> Exercise goal: Skip the pictures and write out, word for word, the lines below from the one with "Denne nydelige diamantringern" through the one with "LONDON – Hundreds", inclusive.

> Exercise data:

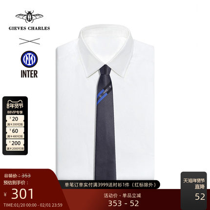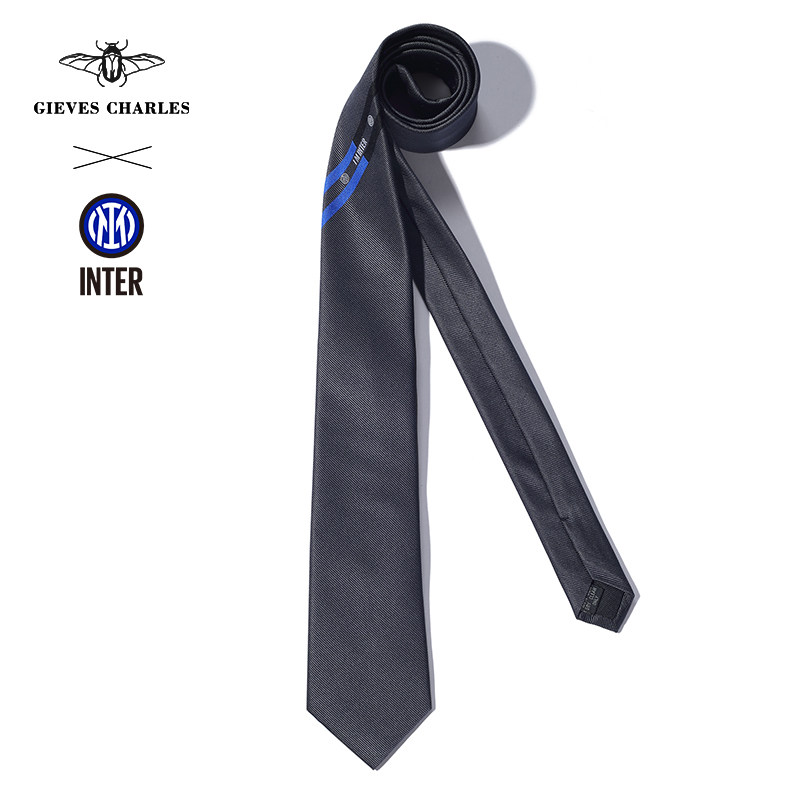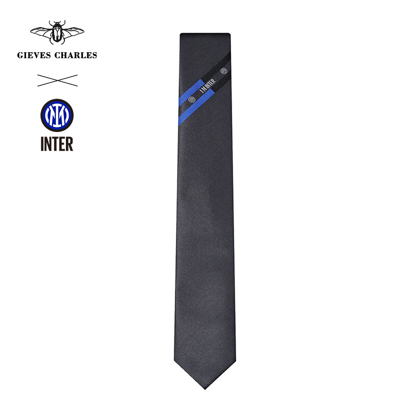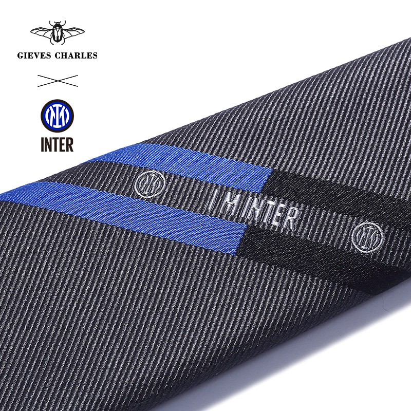 国际米兰官方授权GIEVES CHARLES蓝白之帆条纹男士真丝刺绣领带
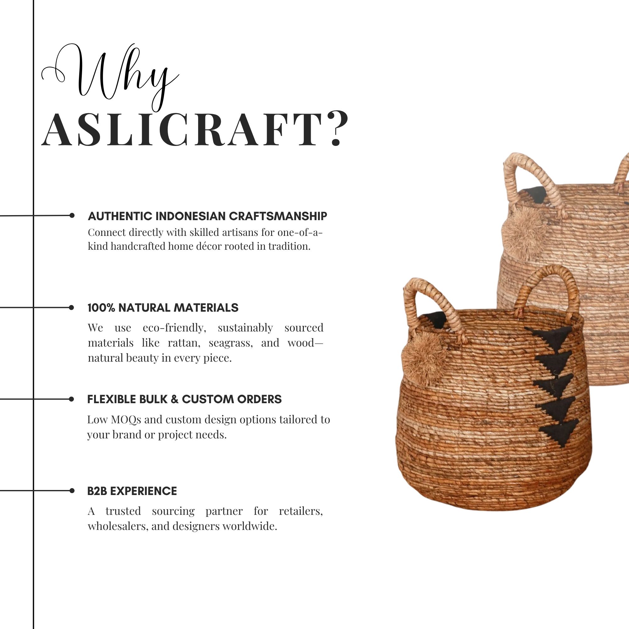 Crafted from 100% natural materials, each basket is handwoven by skilled Indonesian artisans, bringing warmth and character to
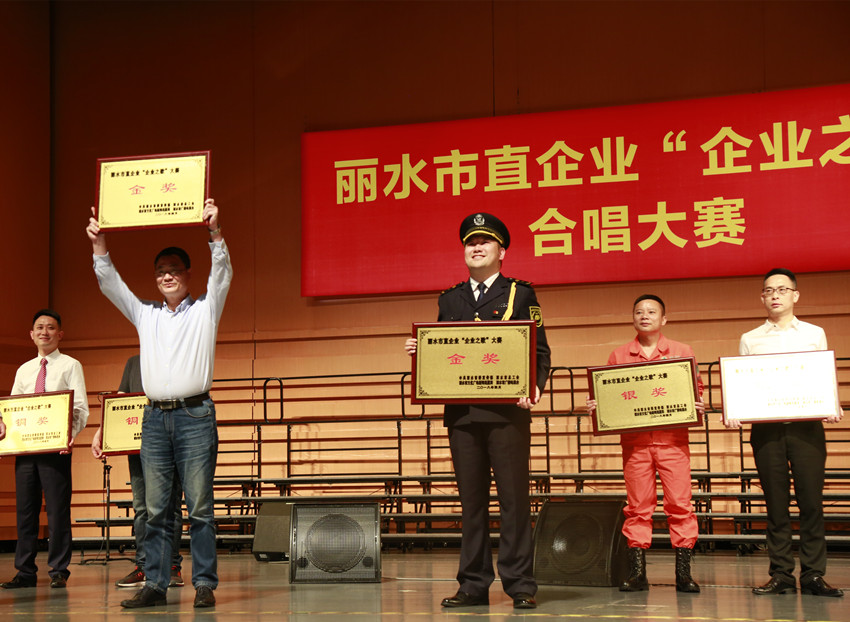 之歌》和《劳动托起中国梦》两支曲目,以饱满的热情、洪亮的声音、整齐的动作,充分展现了丽水安邦良好的精神风貌,赢得了现场观众和评委的热烈掌声。最终,荣获本次比赛的金奖。
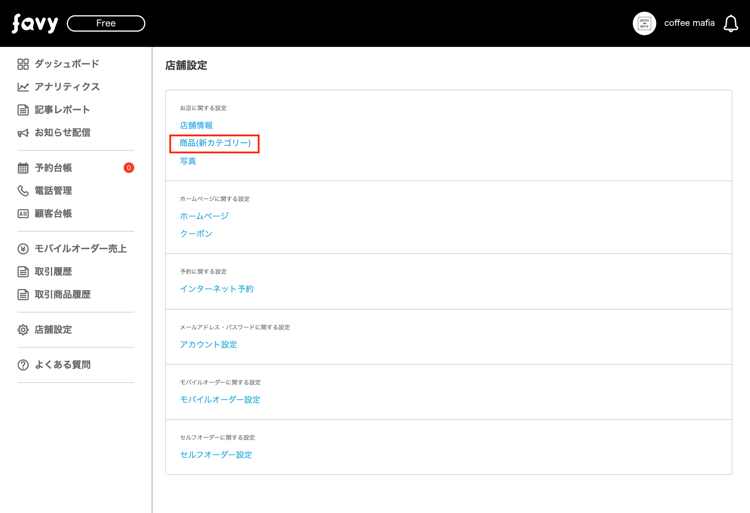 店舗設定の中の「商品(新カテゴリー)」を選択します。
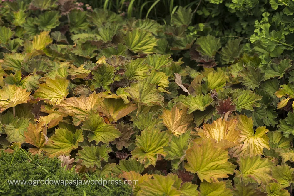 Например: Гейхера ‘Palace Purple’ имеет более мелкие листья с фиолетовым оттенком, а гейхера ‘Variegata’ известна своими бело-зелеными листьями.
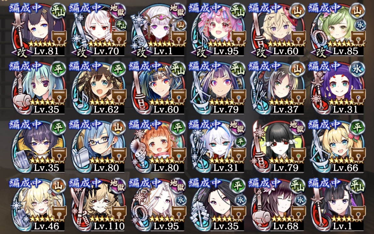 2週間ほど前に始めた初心者殿です。以前、育成について相談した際にシバルバーの改築の発表を待ちつつ、復刻2週目の裏坂本を狙うようにアドバイスをいただきました。手に入る限りの霊珠を使っても残念ながら裏坂本は出なかったのですが、少しラインナップが増えたので改めて育成について相談させてください。画像のような手持ちの場合はどのような汎用編成を組むのがオススメでしょうか?また、星7ススキが1つ残っていますので、そちらの使用先もアドバイスいただけると嬉しいです。
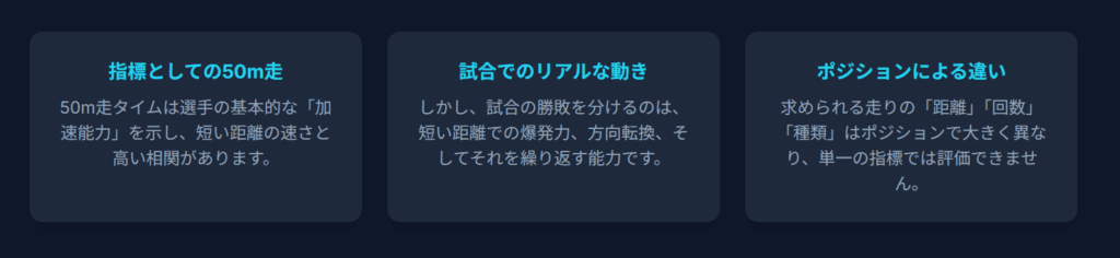 今回の複数の研究を総合すると、50m走の記録は、選手の基本的な加速ポテンシャルを示す一つの指標としては意味がありますが、サッカーの試合における「走力」の全てを測るものではないことが明らかになりました。サッカーで本当に求められるのは、短い距離での爆発的な加速、それを繰り返す能力、そして方向転換を伴う複雑なスプリントです。
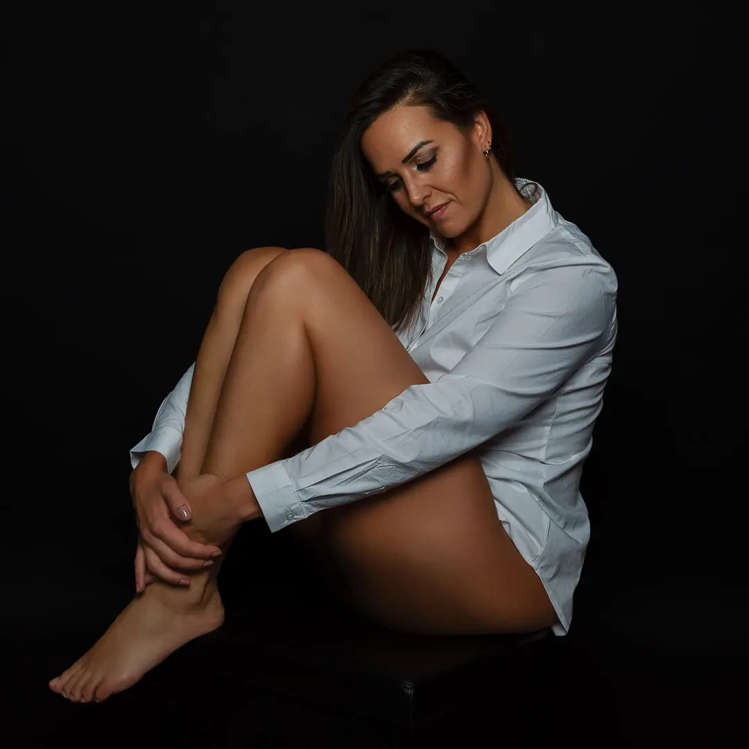 Die Fotos sind in meinem Fotostudio in der Innenstadt von Soest entstanden. Wir haben Studioblitze (Profoto B1) und das Hintergrundsystem verwendet. Ansonsten haben wir noch noch einen Stuhl und eine Truhe genutzt.
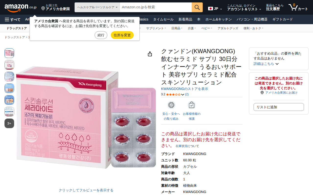 This page features KWANGDONG's "Drinkable Ceramide Supplement 30-day supply" on Amazon. It is an inner-care be...
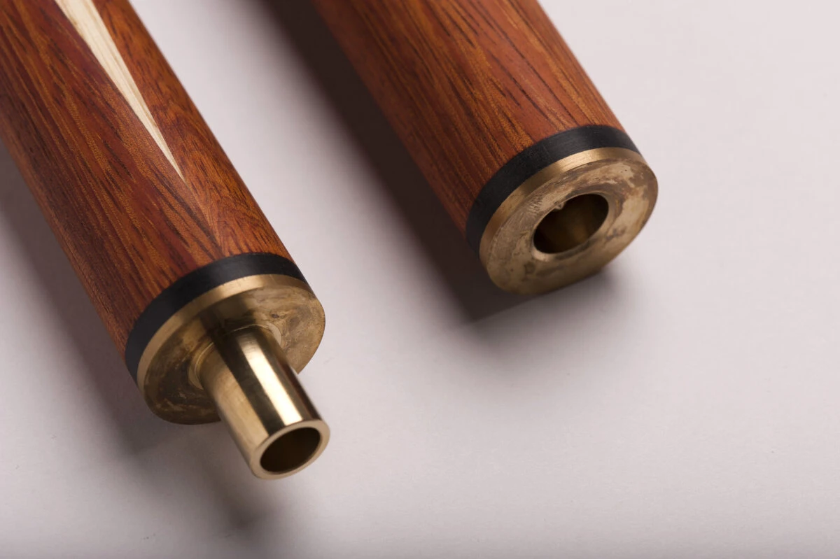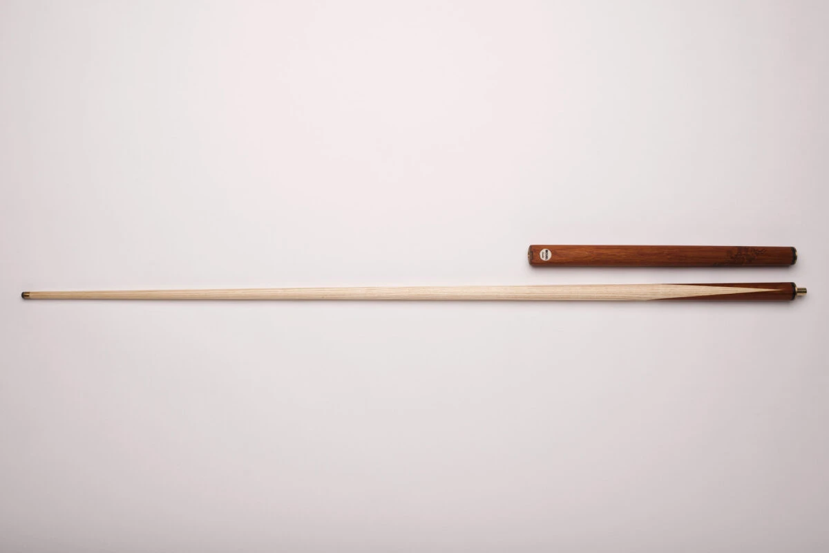 Ein schönes Einsteiger-Queue in schlichtem, klassischem Design mit 9,5mm breitem Qualitäts-Klebeleder. Auch zu diesem Preis erhalten Sie dieses Queue schon mit echt gesplicetem Dekor. Das heißt, dass die dunklen Spitzen („Splices“) durch Verleimung verschiedener Hölzer entstehen und nicht aufgemalt oder geklebt sind. Anders als bei den meisten Snooker-Queues sehen Sie bei diesem Modell die natürliche Maserung der Esche. Normalerweise wird bei Snooker-Queues das Holz eingefärbt, wodurch die klassische schwarze Maserung entsteht. Bei diesem Queue wurde darauf verzichtet. Das Queue ist 3/4-geteilt und benötigt zum Transport somit einen entsprechenden Snooker-Koffer.
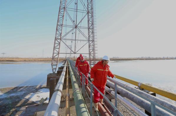 2021年12月30日,在冀东油田高尚堡油区的青龙河跨越管桥上,冀东油田油气集输公司管道分公司员工冒着严寒开展油气水管线的维护保养和隐患排查,全力保障原油和天然气的安全输送。油气集输公司管道分公司员工坚持“平安、绿色、和谐”的管理理念,严格落实和执行各项管道巡护制度,及时发现和处理问题,保证了油田油气水主干管道的安全平稳运行。
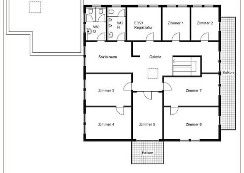 Im Obergeschoss stehen Ihnen zusätzlich sieben klimatisierte Büro-/Praxisräume, ein klimatisierter Serverraum und ebenfalls eine Teeküche als Sozialraum zur Verfügung.
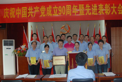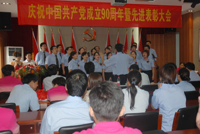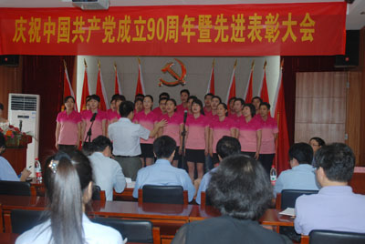 會后,進行了紀念建黨90周年員工紅歌演唱會,來自各部門的5個合唱隊、12個獨唱和1個小品進行了激烈的角逐,經過評審團公平公正的評分,最后評出了合唱和獨唱、小品前三等獎,與會領導向獲獎團隊和個人頒發了證書并合影留念。
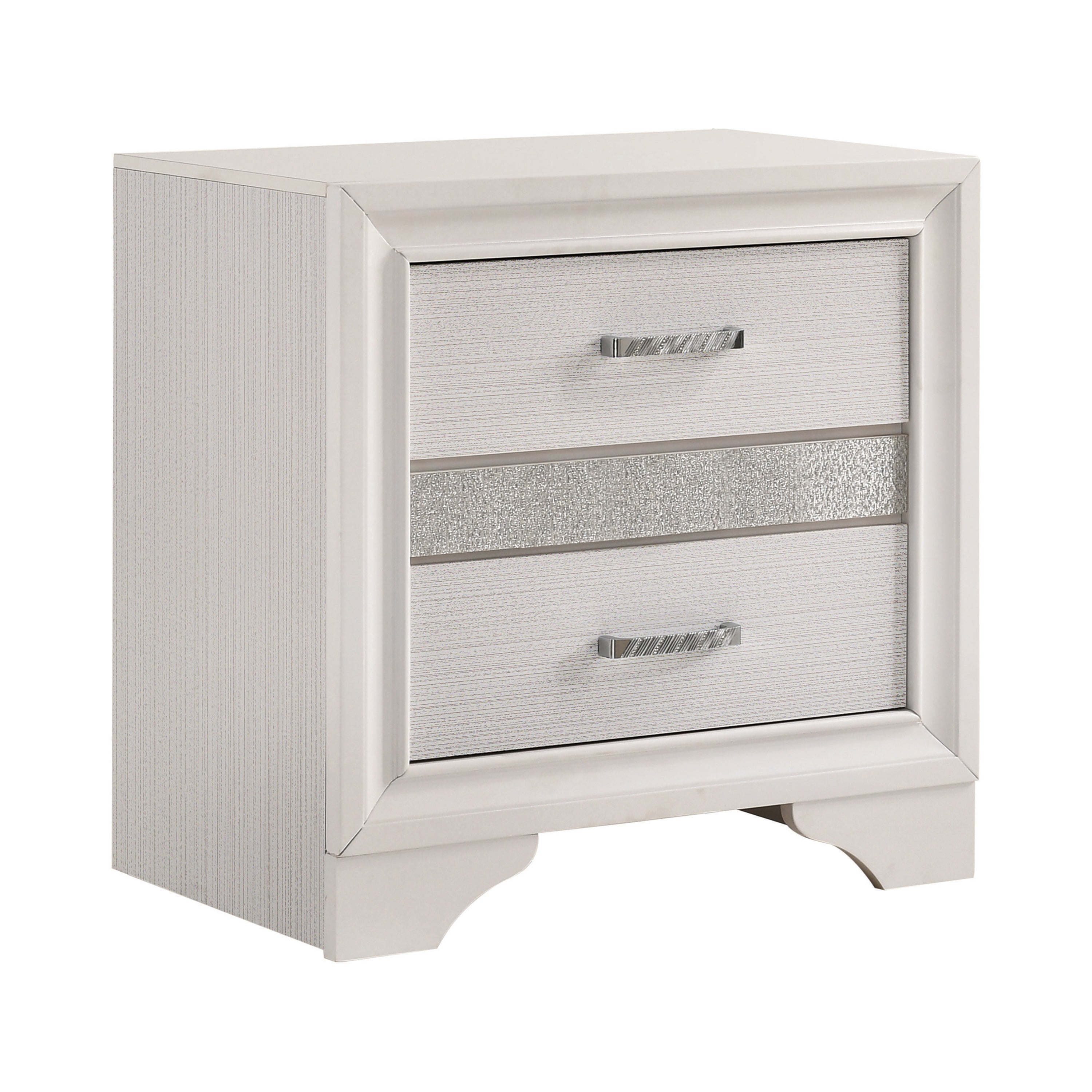 This alluring bed from the Miranda collection has both fashion and function. It features crisp lines and a headboard that's as simple as it is impressive. The footboard is built with two roomy drawers to hold extra sheets and blankets. The bed has an effortless timelessness and elegance. Add to the bedroom for a charming ambiance that's sure to please.
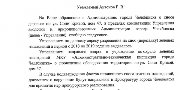 Номер жалобы:59874 Тип жалобы:Прочее Название объекта: Регион:Челябинская область Город:Челябинск Адрес:улица Сони Кривой, 47 Описание жалобы:1837-3 1. Не знаю, когда исчезли молодые деревья (в июне 2019 их уже точно не было), но на газоне 5-7 пеньков. На их месте планируется что-то высаживать? (Первое фото – сейчас, второе фото – как было раньше).
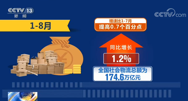 1—8月,全國社會(huì)物流總額為174.6萬億元,同比增長(zhǎng)1.2%,增速比1—7月提高0.7個(gè)百分點(diǎn)。
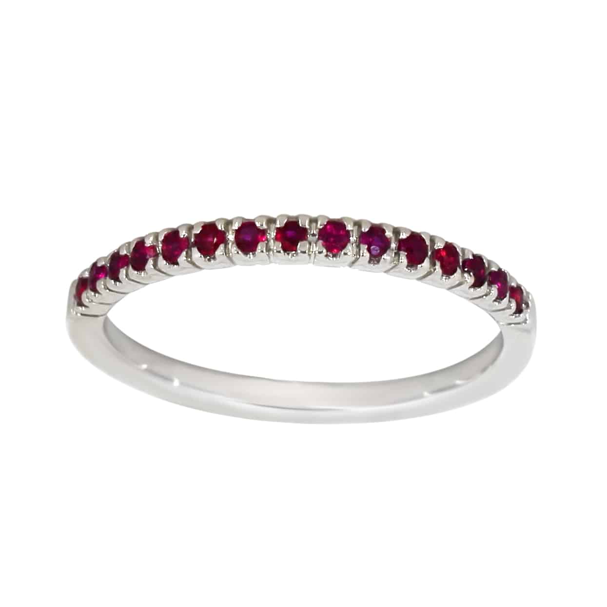 Denne nydelige diamantringern har en smal rekke med rubiner langs nesten halve ringen, de er fattet i solide klør som gjør dette til en flott hverdagsring. Den gjør seg godt alene, eller sammen med en giftering eller en annen diamantring. En av våre mest populære morgengaver.
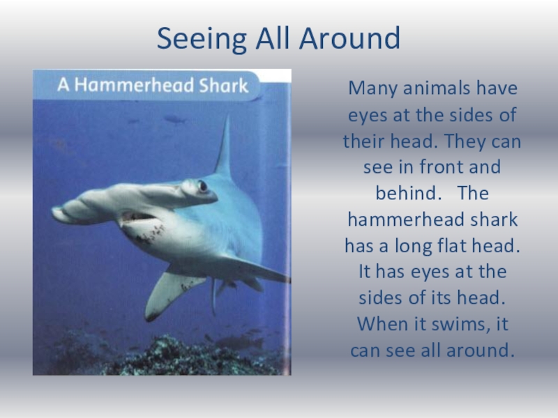 of their head. They can see in front and behind. The hammerhead shark has a long flat head. It has eyes at the sides of its head. When it swims, it can see all around.
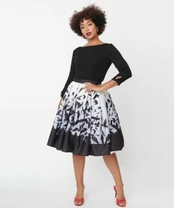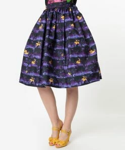 Vixen By Micheline Pitt Flutter Skirt In Vintage Blue & Red Rose Print – Vixen By Micheline Pi
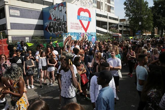 LONDON – Hundreds of thousands of revelers packed the streets of London for the annual Notting Hill Carnival on Monday, pausing their celebrations to remember the victims of the deadly Grenfell Tower fire.
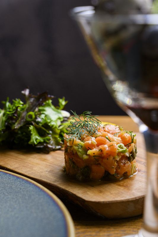 Tartare de saumon, garnitures classique, croûtons et verdurette

> Answer:
 Denne nydelige diamantringern har en smal rekke med rubiner langs nesten halve ringen, de er fattet i solide klør som gjør dette til en flott hverdagsring. Den gjør seg godt alene, eller sammen med en giftering eller en annen diamantring. En av våre mest populære morgengaver.
 of their head. They can see in front and behind. The hammerhead shark has a long flat head. It has eyes at the sides of its head. When it swims, it can see all around.
 Vixen By Micheline Pitt Flutter Skirt In Vintage Blue & Red Rose Print – Vixen By Micheline Pi
 LONDON – Hundreds of thousands of revelers packed the streets of London for the annual Notting Hill Carnival on Monday, pausing their celebrations to remember the victims of the deadly Grenfell Tower fire.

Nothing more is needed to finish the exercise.